Inside the numbers

Patrick Gibbons

"Lies, damned lies and statistics," was the rejoinder by University of Nevada, Las Vegas President Neal Smastrek on KUNV-FM when confronted with unflattering data regarding UNLV spotlighted in a recent study by researchers from the University of Arkansas Department of Education Reform.

The report, titled "Administrative Bloat at American Universities: The Real Reason for High Costs in Higher Education" found that between 1993 and 2007 UNLV increased its contingent of administrators and bureaucratic personnel per 100 students by 90 percent, while cutting the number of instructors by 6.6 percent.

Growing administrative bloat and misplaced priorities is a nationwide trend. "Universities employ more people and spend more money to educate each student even as those universities increase their enrollment," write the authors, led by University of Arkansas Department of Education Reform Chairman Jay P. Greene.

But the misspending of scarce resources on administrative bloat isn't the only problem. New spending priorities, like transportation and health care, now threaten revenues dedicated to education.

According to the National Association of State Budget Officers, higher education spending as a percentage of state budgets is stagnant or falling nationwide. In Nevada, Medicaid has already become the second biggest expenditure item in the state's budget (12.1 percent) and will likely continue to grow thanks to the passage of ObamaCare earlier this year. Higher education places third (10.1 percent).

Given the recession, universities across the nation face declining revenues. However, claims by Nevada higher education of 30 to 50 percent budget cuts overstate the magnitude of the economies. Indeed, this is where Mark Twain's phrase of "lies, damned lies and statistics" is more appropriate.

One way to mislead the public is to cite general-fund appropriations while ignoring other sources of revenue — including tuition, fees and federal funds (such as the American Recovery and Reinvestment Act). Or to calculate from a baseline budget which includes imaginary spending increases never actually realized. Or to add up multiple years of cuts as a percentage of one budgetary year.

In a public meeting earlier this month, Smastrek rolled all three techniques into one calculation. He claimed UNLV lost "$50 million and about 27 percent of [the] budget since 2007." However, the "$50 million" and "27 percent" figures were generated, UNLV acknowledged when asked, by adding up multiple years of budget cuts and then taking that as a percentage of the state general-fund appropriations of just one year (2007).

Isn't this like rolling three years of personal deductions into one on your income tax return and then seeking to apply them against one year's salary?
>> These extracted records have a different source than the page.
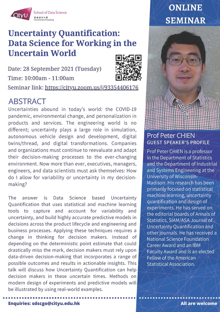 Prof Peter CHIEN is a professor in the Department of Statistics and the Department of Industrial and Systems Engineering at the University of Wisconsin-Madison. His research has been primarily focused on statistical machine learning, uncertainty quantification and design of experiments. He has served on the editorial boards of Annals of Statistics, SIAM/ASA Journal of Uncertainty Quantification and other journals. He has received a National Science Foundation Career Award and an IBM Faculty Award and is an elected Fellow of the American Statistical Association.
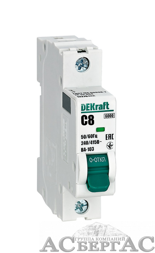 ВА-103 Автоматический выключатель 1-полюсный, 8А, 6kA (хар-ка C) DEKraft
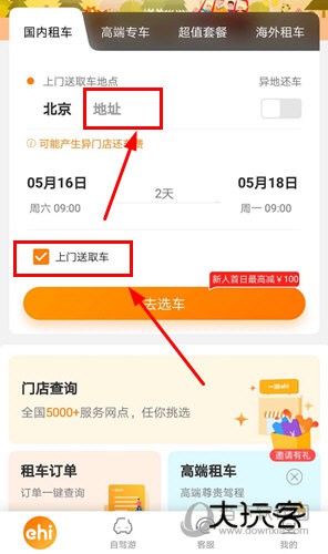 1、在软件的首页中可以在“去选车”的功能上方有一个“上门送取车”的选项,勾选上即可,然后点击上方的“地址”。

Wouldn't that kind of math get the IRS coming come down on you with interest and penalty charges? 

University Regent Ron Knecht argues that public officials in higher education and elsewhere need to be more candid with their numbers. "If we aren't accurate, if we over-claim, or if we inflate the magnitude of actual cuts by referencing past ‘budget' numbers instead of actual expenditures, as some have been known to do," he said, "then our claims will be debunked and we will lose credibility."
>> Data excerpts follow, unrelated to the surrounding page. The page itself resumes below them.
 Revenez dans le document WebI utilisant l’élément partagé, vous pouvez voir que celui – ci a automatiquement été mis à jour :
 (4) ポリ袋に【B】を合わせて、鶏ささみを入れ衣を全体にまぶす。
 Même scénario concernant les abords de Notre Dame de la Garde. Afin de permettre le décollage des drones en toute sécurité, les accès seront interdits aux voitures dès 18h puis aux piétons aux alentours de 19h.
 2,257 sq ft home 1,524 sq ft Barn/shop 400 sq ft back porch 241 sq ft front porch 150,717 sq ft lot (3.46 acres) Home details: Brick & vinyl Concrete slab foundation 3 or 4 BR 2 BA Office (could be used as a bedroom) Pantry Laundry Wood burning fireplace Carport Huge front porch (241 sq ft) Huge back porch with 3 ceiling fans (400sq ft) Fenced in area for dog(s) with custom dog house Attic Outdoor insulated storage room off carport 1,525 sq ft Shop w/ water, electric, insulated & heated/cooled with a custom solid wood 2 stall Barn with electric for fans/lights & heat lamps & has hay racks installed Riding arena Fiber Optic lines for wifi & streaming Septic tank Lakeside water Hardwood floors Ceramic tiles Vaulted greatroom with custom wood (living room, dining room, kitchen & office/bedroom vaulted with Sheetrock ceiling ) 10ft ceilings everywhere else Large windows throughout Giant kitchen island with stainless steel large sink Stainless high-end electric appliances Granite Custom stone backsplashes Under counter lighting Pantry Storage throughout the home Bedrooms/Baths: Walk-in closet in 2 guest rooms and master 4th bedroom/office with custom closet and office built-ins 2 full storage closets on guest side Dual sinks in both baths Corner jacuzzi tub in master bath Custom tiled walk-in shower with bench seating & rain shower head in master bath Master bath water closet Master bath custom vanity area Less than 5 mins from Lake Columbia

Moreover, given the public-record, available-upon-request status of budget information, loss of credibility from such antics is assured.

According to figures from the Nevada Legislative Counsel Bureau, less FY09 and special-session budget cuts, the state's university system saw an inflation-adjusted expenditure decline of 10.2 percent following the 07-09 biennium. UNR's legislatively approved expenditures declined 11.9 percent, while UNLV's declined 7.1 percent.

These budget cuts are much smaller than often advertised. They are smaller still in proportion, considering the record-high appropriations they were made against. Between 1993 and 2007, UNLV's inflation-adjusted spending increased 140 percent while spending at UNR increased 69 percent. Additionally, figures from the National Association of State Budget Officers show another 31 percent increase in higher-ed spending between 2007 and 2008.

After decades of increasing revenue, Nevada's universities are facing a tougher time than they're used to. But this new reality doesn't justify them overstating the magnitude of the budget cuts. Nor does it automatically entitle them to other Nevadans' hard-earned money.

With abundant information and new technologies available, and in the midst of a severe and ongoing recession, Nevada's universities can no longer conduct business as usual. They must learn to live within their means and address the administrative bloat, the mission creep and the luxurious student amenities that have created unsustainably large budgets.

This means streamlining their budgets and focusing the attention back on their primary mission: education and research — not simply jobs for adults or resort-style living for students.